◆ SOURCE DATA:
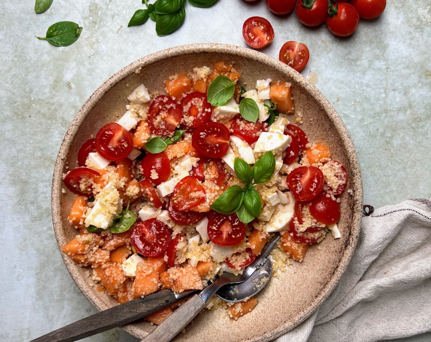 Der Sommer ist die perfekte Gelegenheit für einen Salat. Hier mit Melone, Tomate, Mozzarella und Couscous.
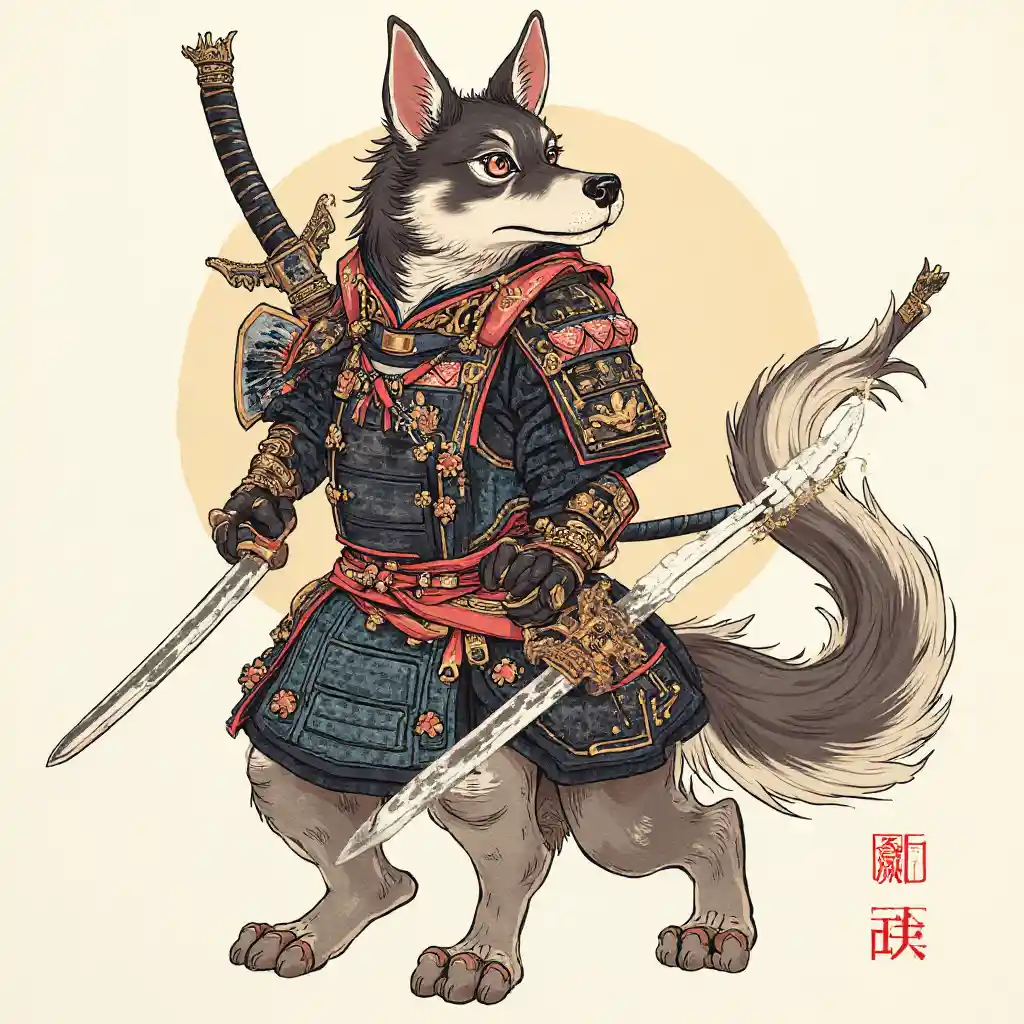 Landonसफेद पृष्ठभूमि पर एक मछली और तलवार वाला कुत्ता, समुराई कुत्ता, कुत्ता योद्धा, बख्तरबंद कुत्ता, मानव रूपी कुत्ता निंजा, कनो तन्य द्वारा, बहुत विस्तृत और रंगीन, उकीयो की कला शैली में, उटागा कुनिओशी से प्रेरित है
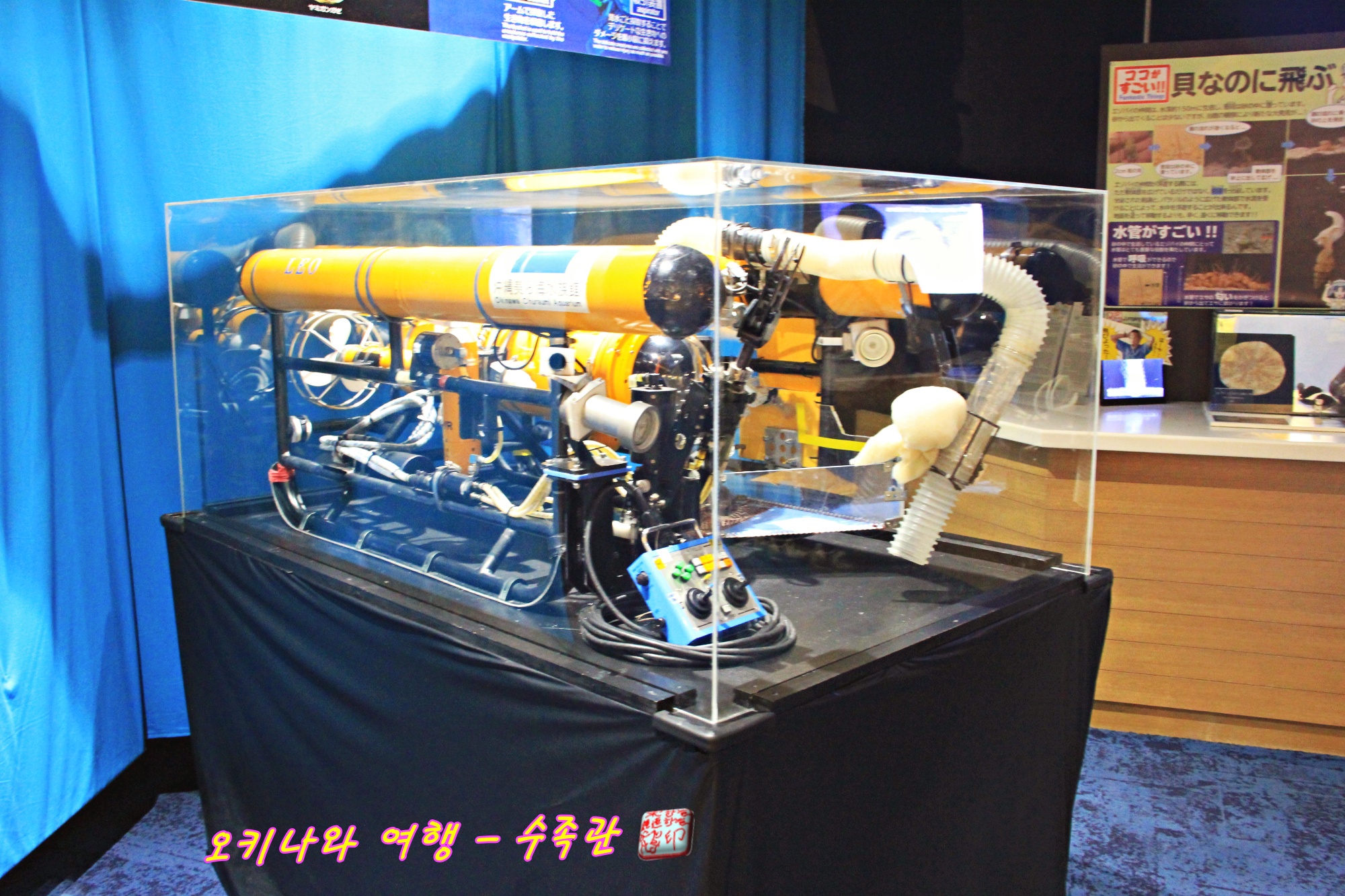 깊은 바닷속으로 들어가 여러 가지 조사를 하는 무인 잠수정도 전시되어 있는데
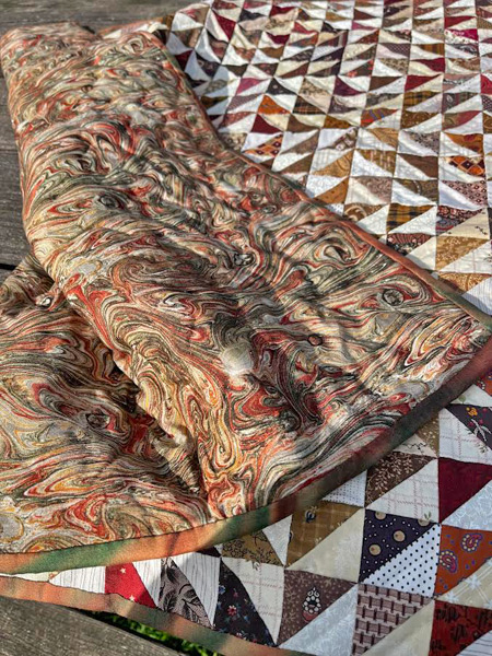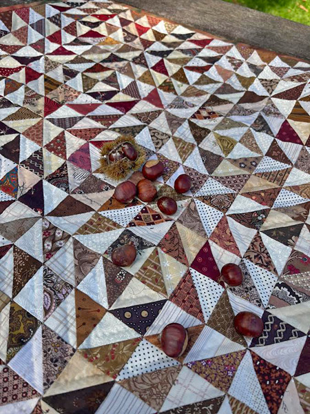 Les tissus choisis pour cet ouvrage inspirés par les couleurs automnales (pour lesquelles j’ai un grand faible !) furent sélectionnés parmi différents bruns, beaucoup de beiges clairs et foncés, ainsi que des rouges soutenus

◆ DIRECTIONS:
Please write out, word for word, each line from the one with "Landonसफेद पृष्ठभूमि पर" to the last line of the data, keeping both ends and omitting pictures.

◆ SOLUTION FOR THIS EXERCISE:
 Landonसफेद पृष्ठभूमि पर एक मछली और तलवार वाला कुत्ता, समुराई कुत्ता, कुत्ता योद्धा, बख्तरबंद कुत्ता, मानव रूपी कुत्ता निंजा, कनो तन्य द्वारा, बहुत विस्तृत और रंगीन, उकीयो की कला शैली में, उटागा कुनिओशी से प्रेरित है
 깊은 바닷속으로 들어가 여러 가지 조사를 하는 무인 잠수정도 전시되어 있는데
 Les tissus choisis pour cet ouvrage inspirés par les couleurs automnales (pour lesquelles j’ai un grand faible !) furent sélectionnés parmi différents bruns, beaucoup de beiges clairs et foncés, ainsi que des rouges soutenus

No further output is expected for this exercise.